Do blue jays get along with cardinals?

Blue Jays and Cardinals have a complex relationship and it can vary depending on the circumstances. Blue Jays are known to be opportunistic feeders and they may compete with cardinals for food, such as birdseed at feeders. However, Blue Jays and Cardinals can also coexist peacefully and they may even be seen together in the same flock or at the same feeding station.

Why dont blue jays and cardinals mate?

Blue Jays and Cardinals are two different species of birds and they have different physical and behavioral characteristics. They have different breeding behaviors, mating rituals, and preferred habitats. Blue Jays and Cardinals do not have compatible genetic makeups that would allow them to successfully breed and produce offspring. Additionally, hybridization between different species of birds is relatively rare in nature and it’s not something that’s commonly observed among Blue Jays and Cardinals. They are separate species and their mating and reproduction is specific to their own.

Comments 3
  1. It’s totally not true that blue jays scare away cardinals.. I have them both at the feeder every day , all winter long.. All birds fly up to the feeder and try and scare away the bird on it .. Likewise the the other birds fly up and scare away the blue jays.. It’s what birds do..
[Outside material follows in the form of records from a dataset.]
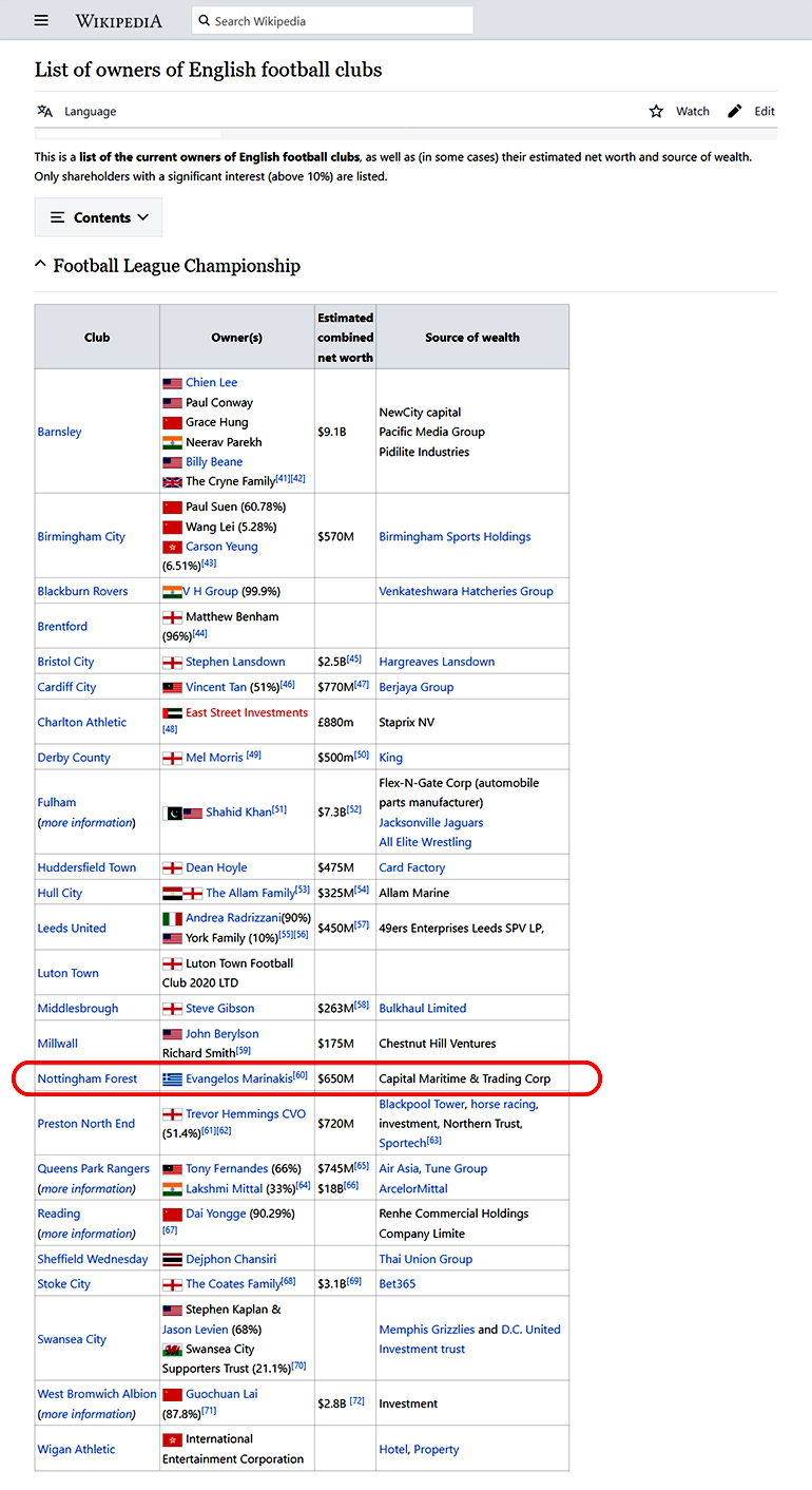 Δείτε τον πίνακα της δεύτερης κατηγορίας, Football League, των «φτωχών» της Αγγλίας, όπου ο κ. Μαρινάκης εμφανίζεται ως ιδιοκτήτης της Nottingham Forest. Δίπλα στα ονόματα των ιδιοκτητών εάν προσέξετε εκτός από την σημαία της ιθαγένειας εκάστου εξ αυτών υπάρχει και η στήλη με την εκτιμώμενη οικονομική τους επιφάνεια.
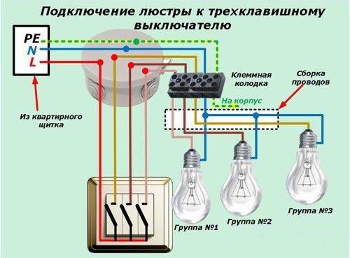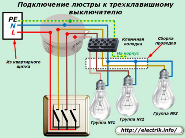 Les deux autres fils sont connectés au conducteur de phase et neutre. En règle générale, les lustres modernes sont nécessairement produits avec un fil de terre, qui est associé aux exigences des règles de sécurité.
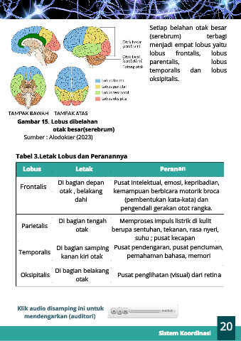 Di bagian samping           Pusat pendengaran, pusat penciuman,
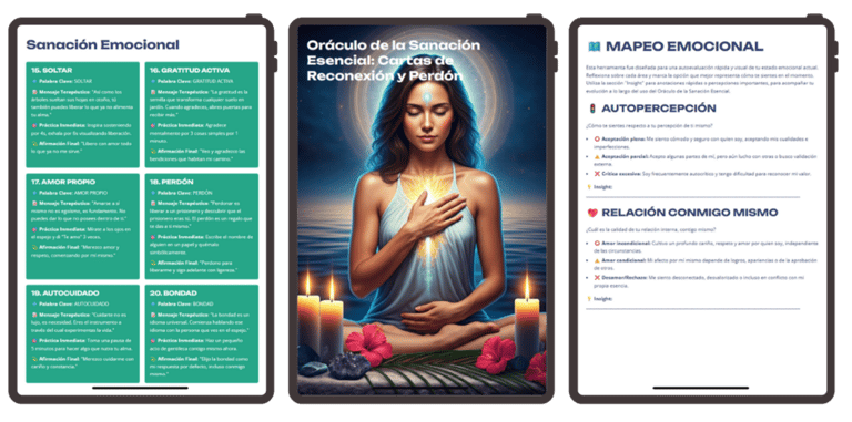 Oráculo exclusivo con mensajes de sanación + guía práctica para sesiones de limpieza emocional.
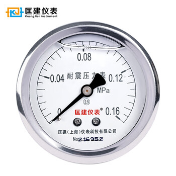 匡建仪表(CONJANT)不锈钢耐震压力表 YTN-100BFZT系列 1台轴向安装带面板 抗震 防腐蚀 耐高温 0-0.16MPa
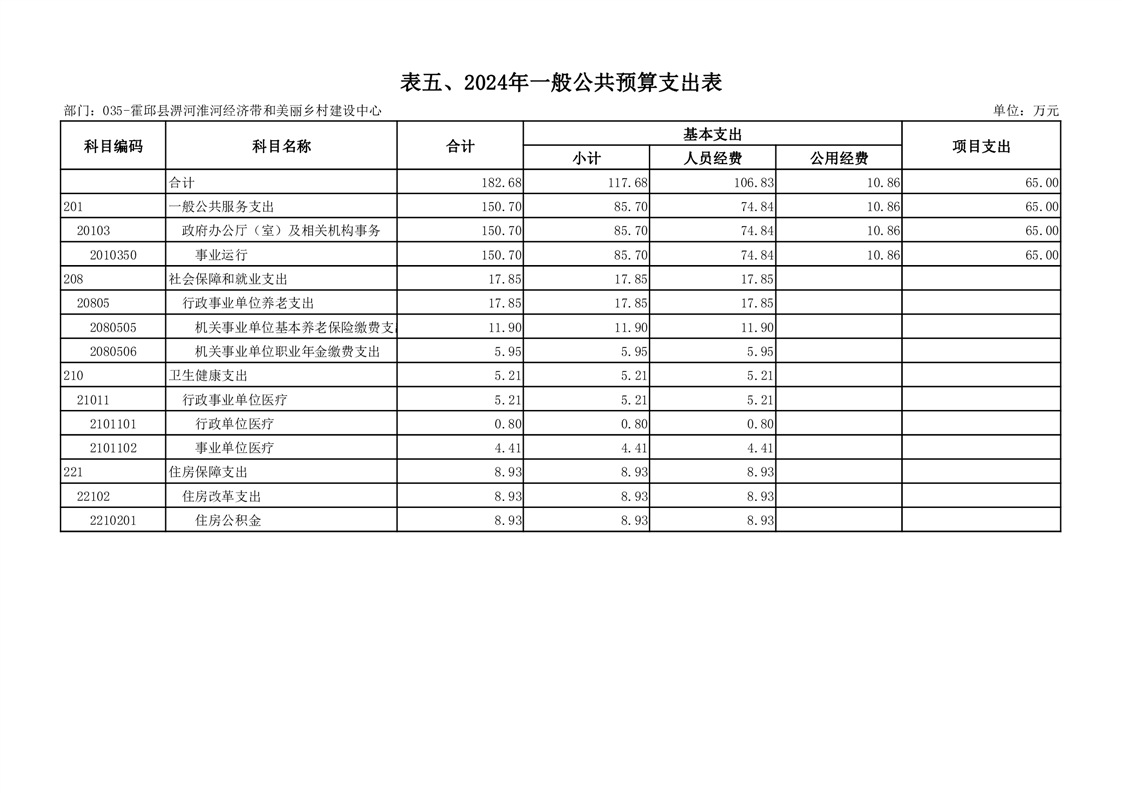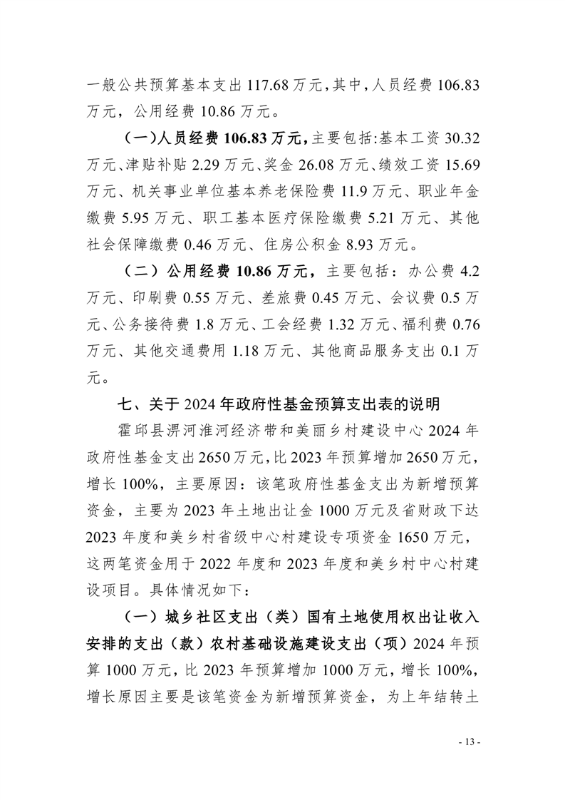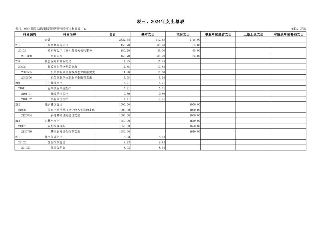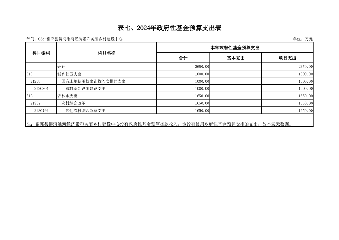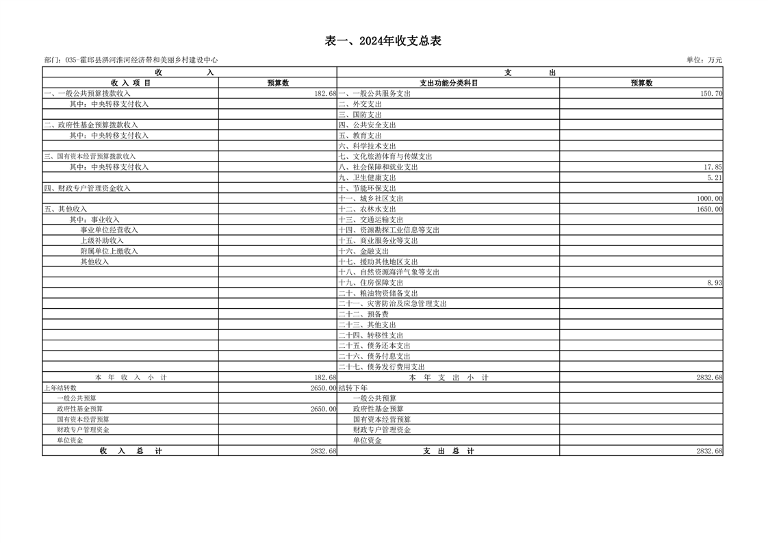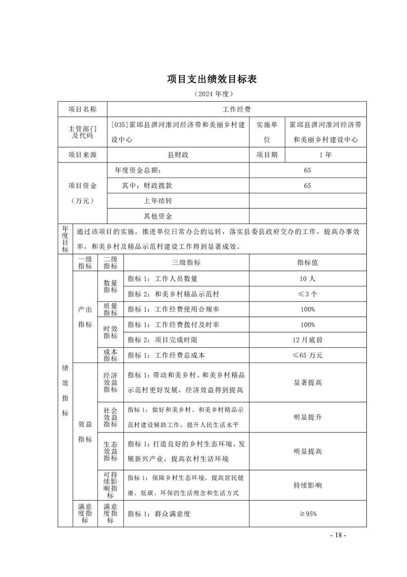 霍邱县淠河淮河经济带和美丽乡村建设中心2024年部门预算公开
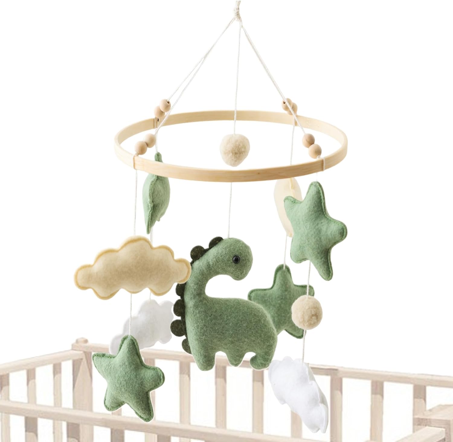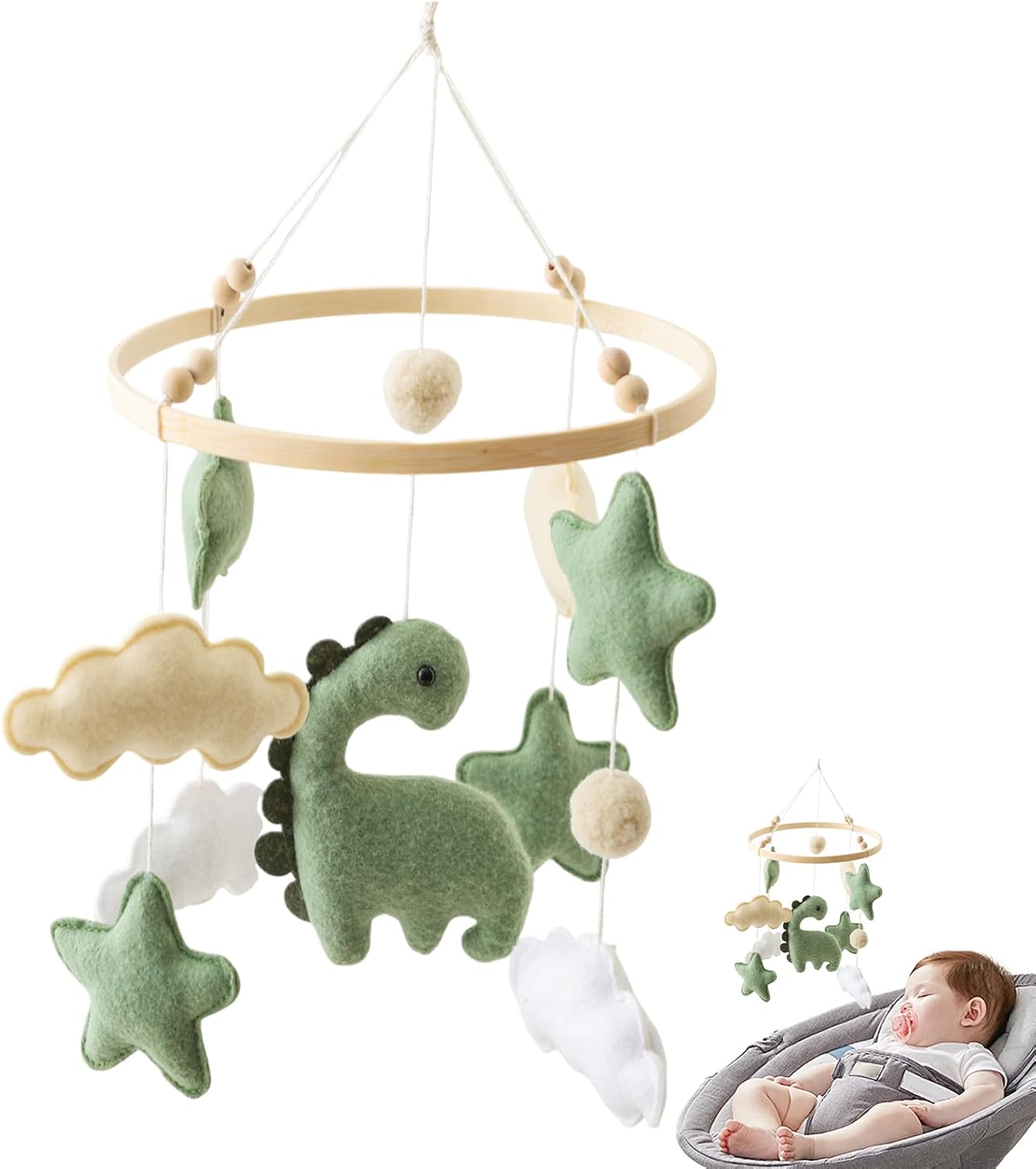 Nutrire serenità con stile: la culla girevole mobile adorna la culla del tuo bambino con un delizioso cellulare a forma di nuvole, legno naturale e morbido tessuto di cotone nei colori rilassanti del beige, e verde chiaro, con dinosauri amichevoli e stelle per un'atmosfera accogliente e rilassante Incoraggia l'apprendimento attivo: appendere la gioia mobile per i bambini nell'incantevole mix di colori e texture con il cellulare della bambina per la culla. Migliorare lo sviluppo cognitivo stimolando le capacità di tracciamento visivo e incoraggiando il riconoscimento del colore, accendere la curiosità tattile e supportare l'impegno multiplo sensoriale Scelta verde per bambini: Baby Mobile con campana realizzata con materiali ecologici, questo cellulare da ragazza integra cotone traspirante, infilato in fibra naturale e un telaio in legno sicuro per una soluzione di sdraiatura sostenibile e rilassante Vicinanza vicina: mobile letto per bambini con comodo cordino in cotone per regolazioni in altezza, questo cellulare cattura l'attenzione del bambino con la vicinanza agli occhi massimizzando lo spazio della culla. Goditi una portata verticale di 15,7 pollici e un tratto orizzontale da 9 pollici Miglioramento dell'esplorazione sensoriale: la culla musicale mobile realizzata con nuvole di cotone lisce e palline di cotone feltro, ornate con un affascinante motivo di dinosauro, questo cellulare da ragazza aumenta la scoperta tattile, sviluppa la capacità di differenziazione delle texture durante la veglia e contrasta le trame per l'impegno arricchente

    1. Agree! We have large groups of Blue Jays and Cardinals living together in the woods behind our house along with many others (doves, blackbirds, woodpeckers, sparrows). Every bird tries to scare away another bird when it comes to getting a morsel but they still manage to live together in relative harmony.

  2. I disagree with the above comments. I specifically googled Blue Jays and Cardinals together bc the BJ’s here are aggressive with the cardinals. They’ve basically taken over. I wanted to know if this was typical of their behavior. And sure enough it is. It’s one thing for birds to leave the feeder if another bird shows up but quite another when the BJ’s literally shove them aside assertively.